__INSTRUCTIONS FOR THE TASK__: Leave the pictures out and write out exactly the lines from the top of the entries through the line containing "- Dům se skládá".

__SUPPLIED INFORMATION__:
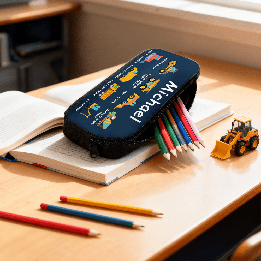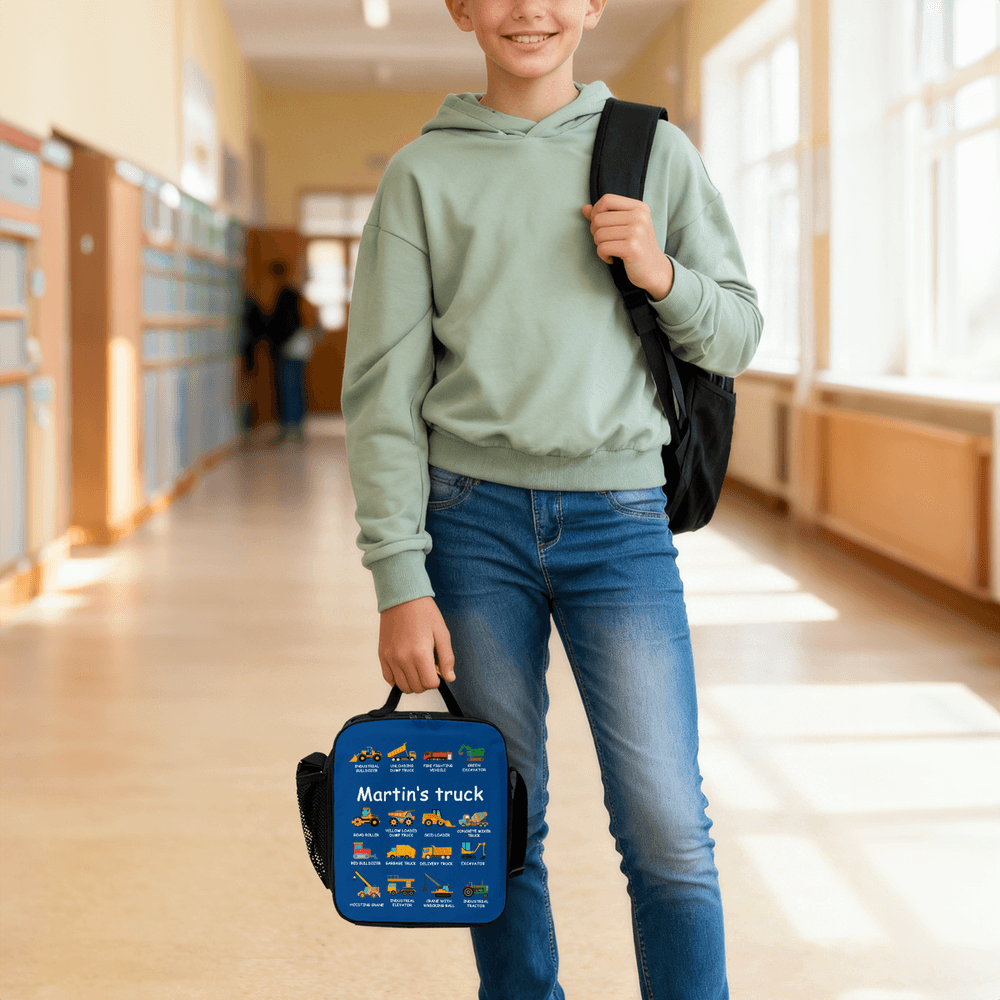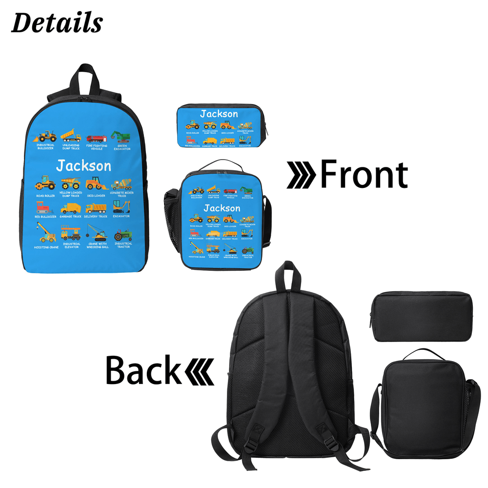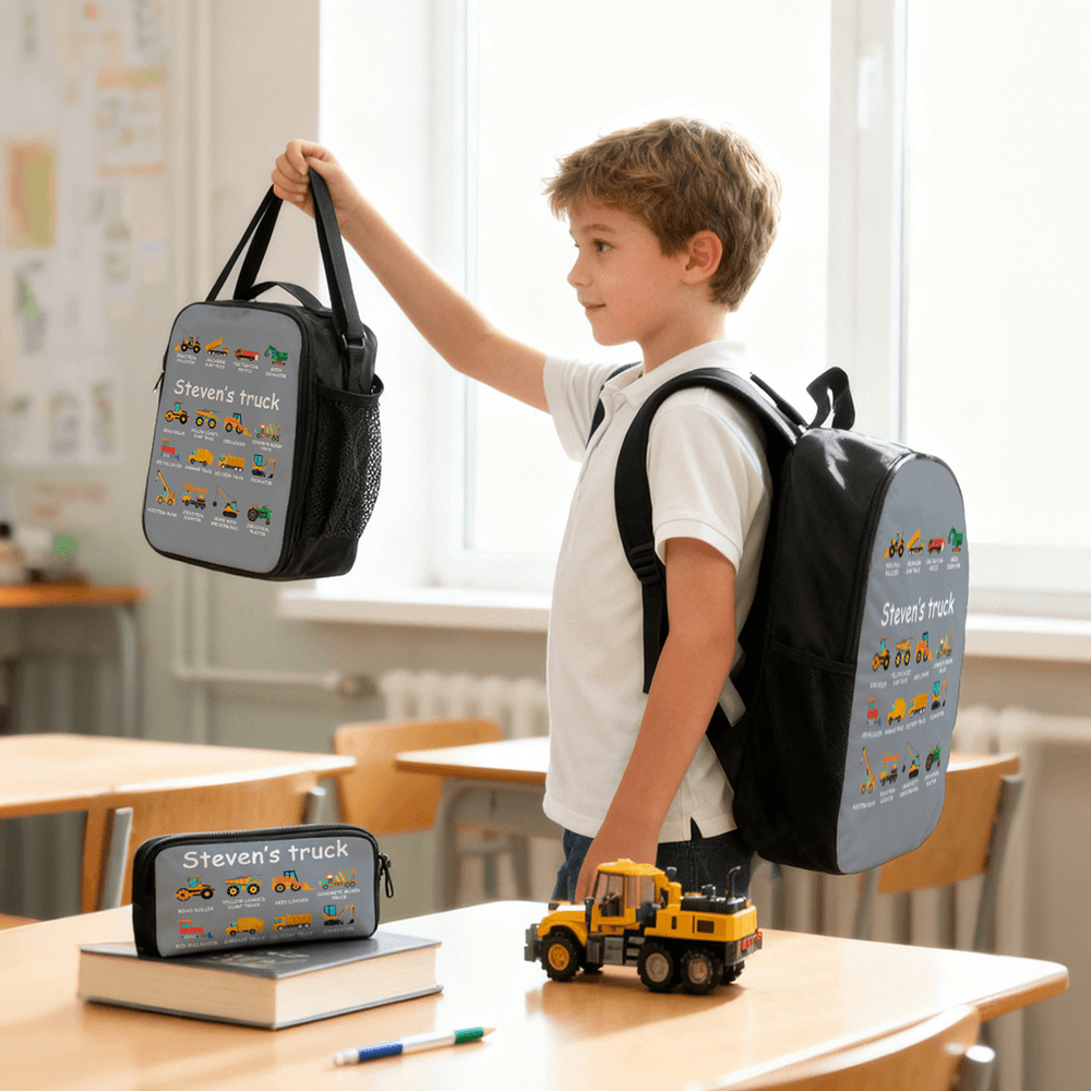 This three-piece set features a construction vehicle theme paired with vibrant colors and patterns, tailored to reflect your child's personality. The set can be Personalised with a name, turning the backpack, pencil case, and lunch bag into unique pieces that showcase their individual style, helping them shine confidently in daily life.
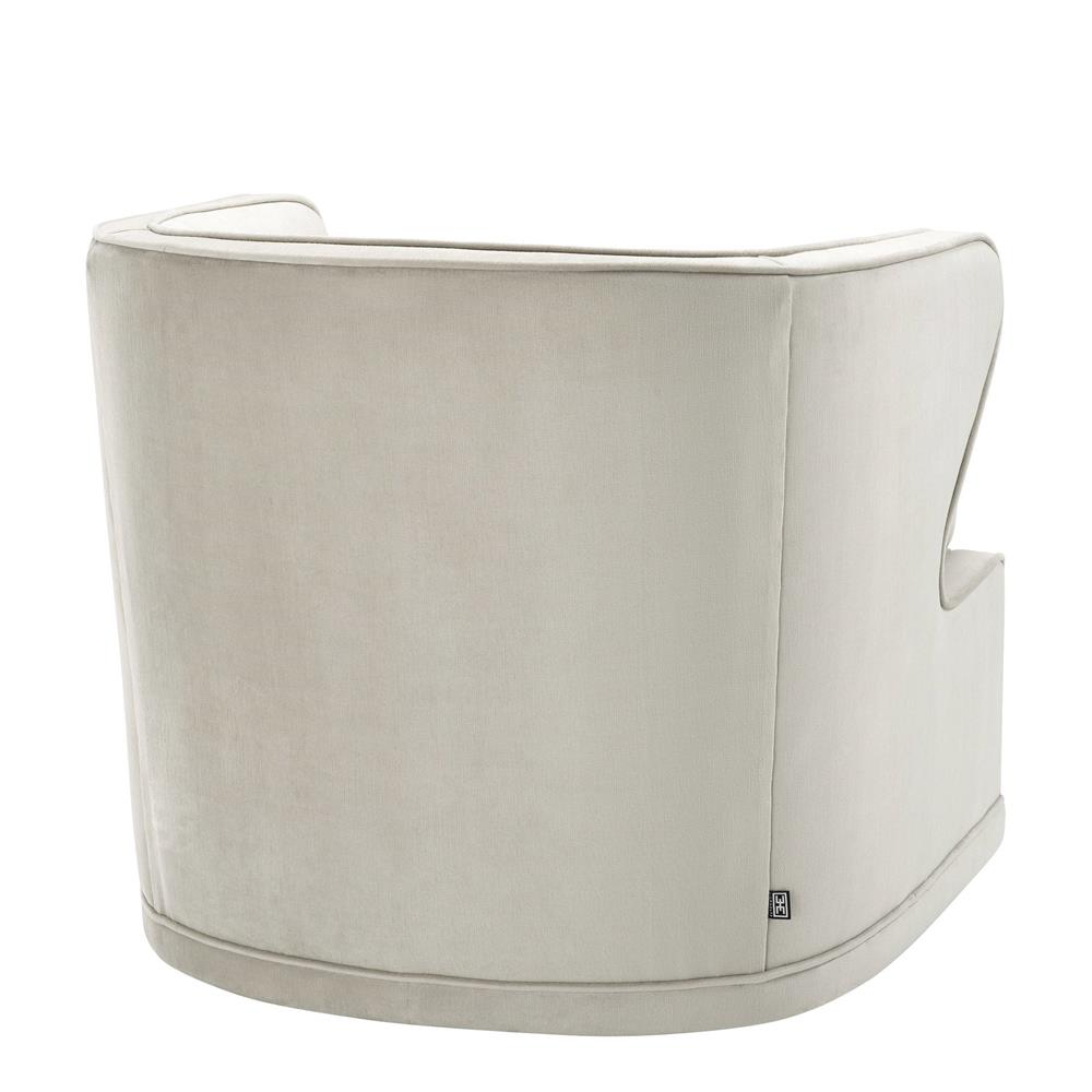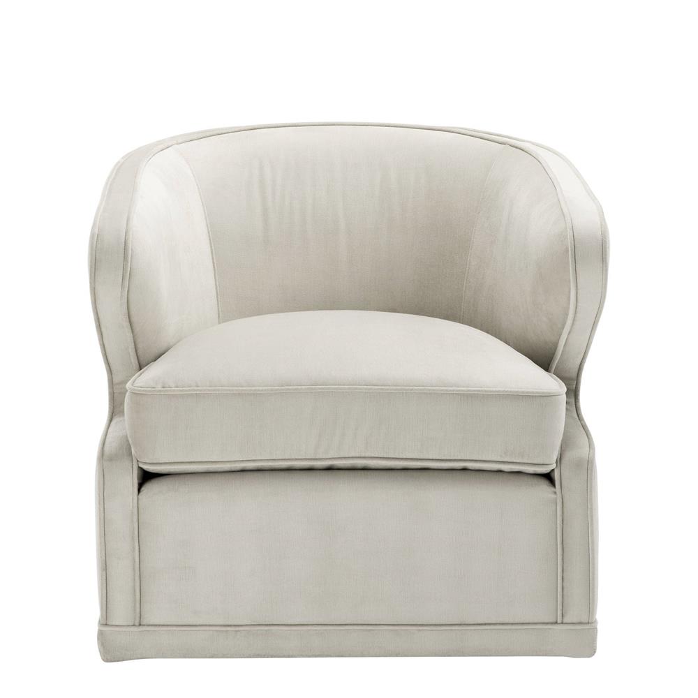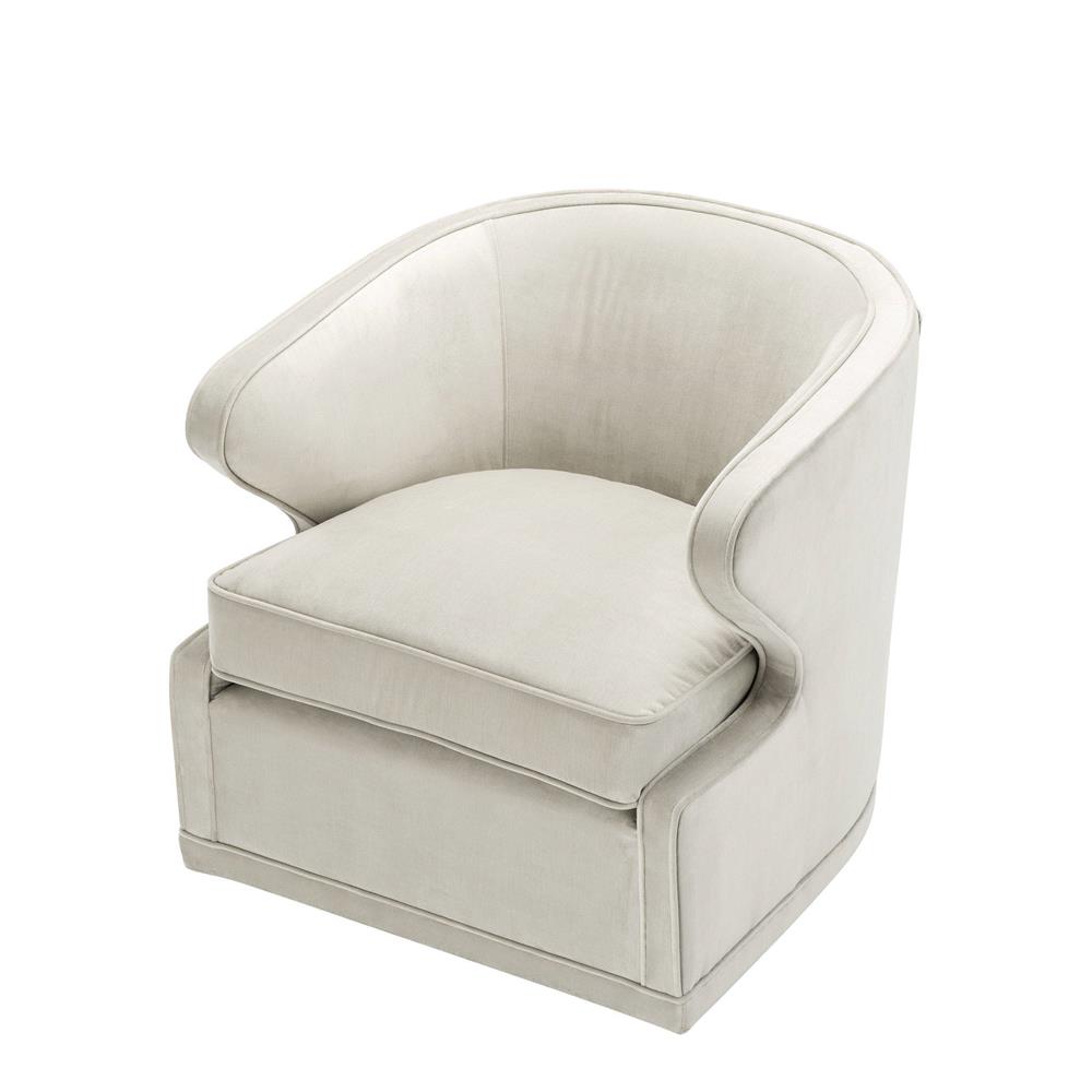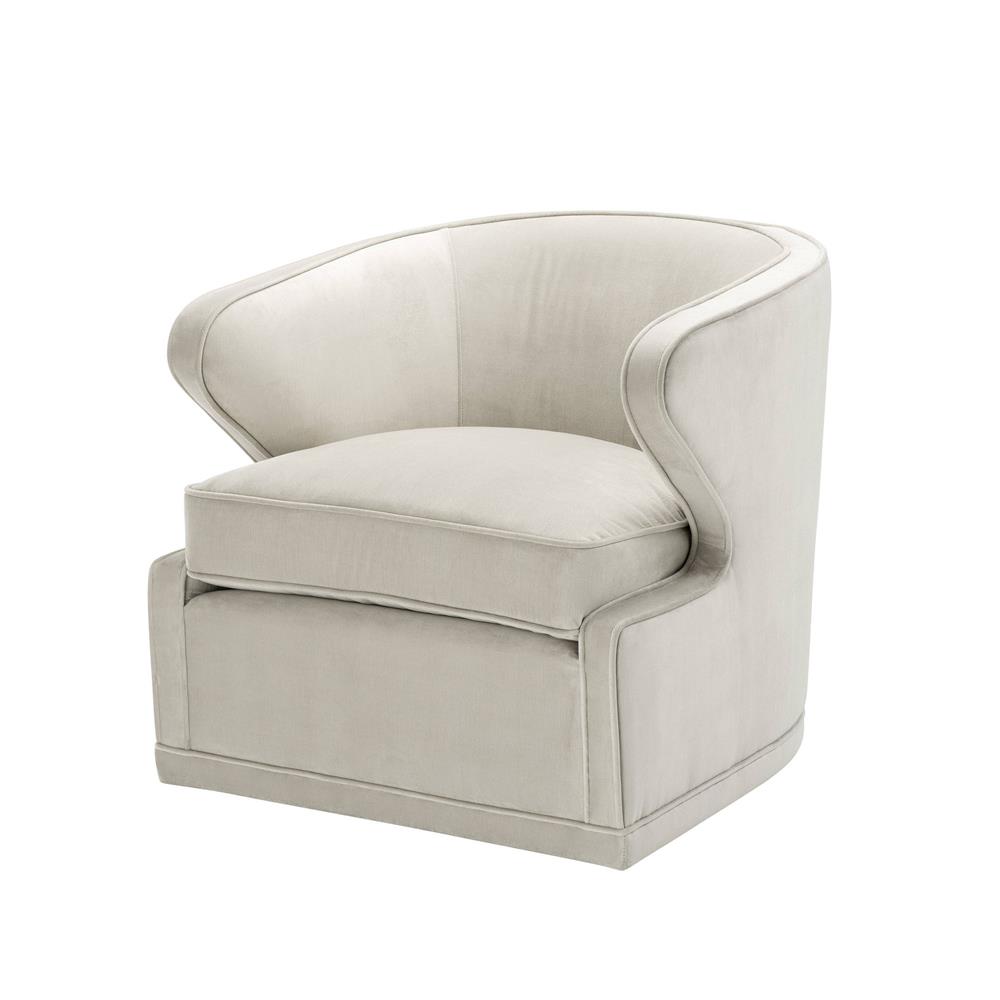 Celočalúnené zamatové otáčacie kreslo Dorset v sivo-bielej farbe.
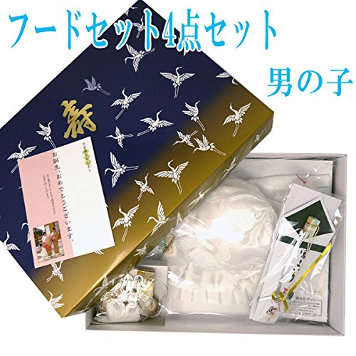 お宮参り4点セット フードセット 男の子 白 日本製 箱入り
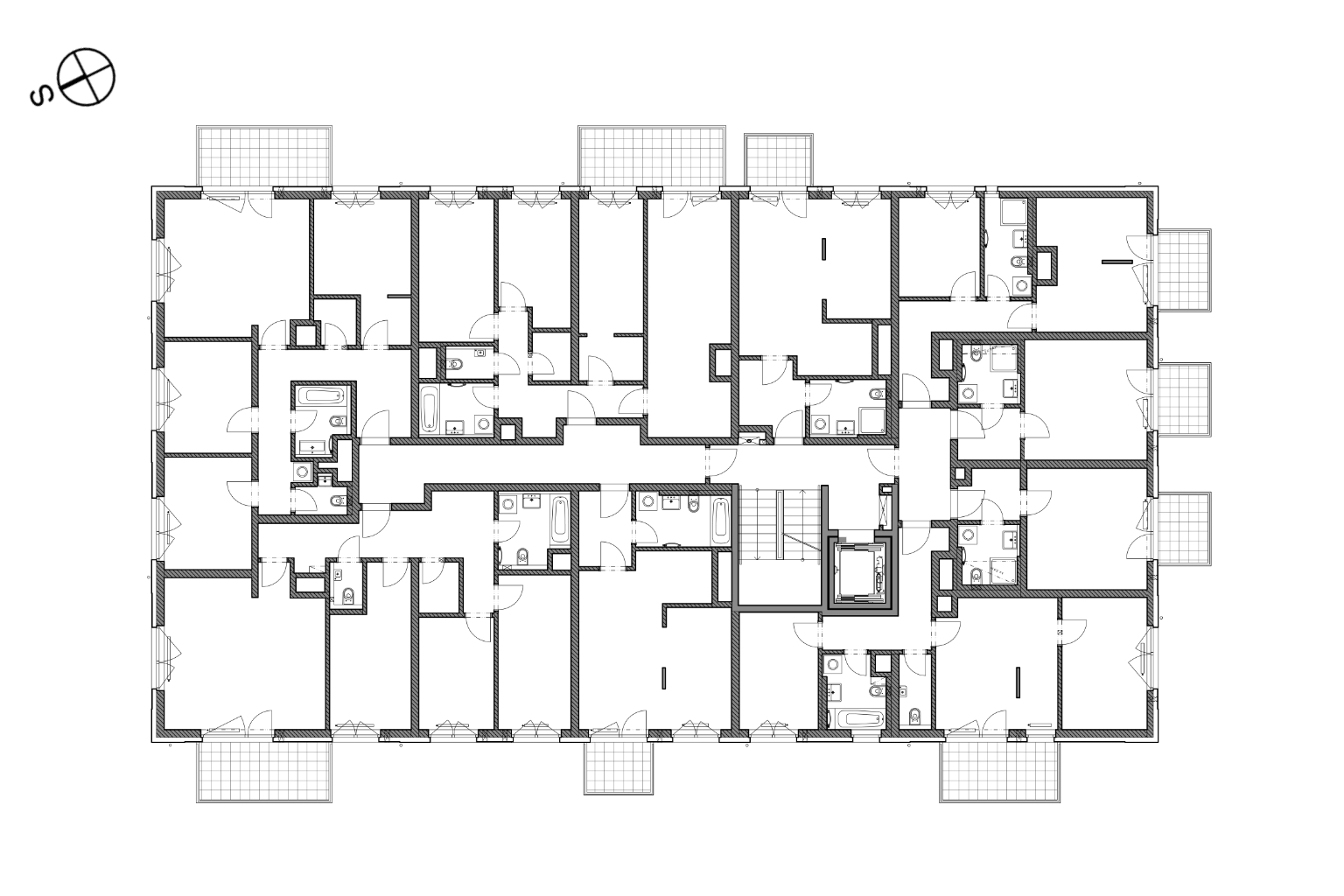 - Dům se skládá ze 49 bytů, dispozice od 1+kk (24,5 m2) do 4+kk (94,7 m2)
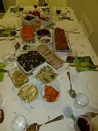 Cette accumulation de douceurs se retrouve chez les juifs sépharades lors du Roch Hachana où se dégustent figues, amandes, raisins et turrado (nougat)[5].
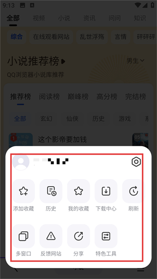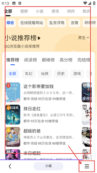 3、在小说推荐页点右下角菜单按钮,能打开功能菜单,后续可使用收藏、下载等功能啦。
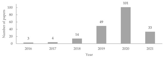 Yearly distribution of papers published with RPA applications.
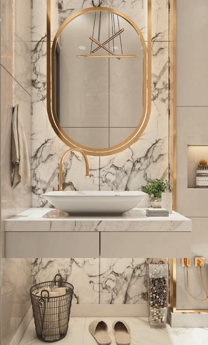 Bathrooms heavily rely on finishes due to the constraints around space

__WRITTEN RESPONSE__:
 This three-piece set features a construction vehicle theme paired with vibrant colors and patterns, tailored to reflect your child's personality. The set can be Personalised with a name, turning the backpack, pencil case, and lunch bag into unique pieces that showcase their individual style, helping them shine confidently in daily life.
 Celočalúnené zamatové otáčacie kreslo Dorset v sivo-bielej farbe.
 お宮参り4点セット フードセット 男の子 白 日本製 箱入り
 - Dům se skládá ze 49 bytů, dispozice od 1+kk (24,5 m2) do 4+kk (94,7 m2)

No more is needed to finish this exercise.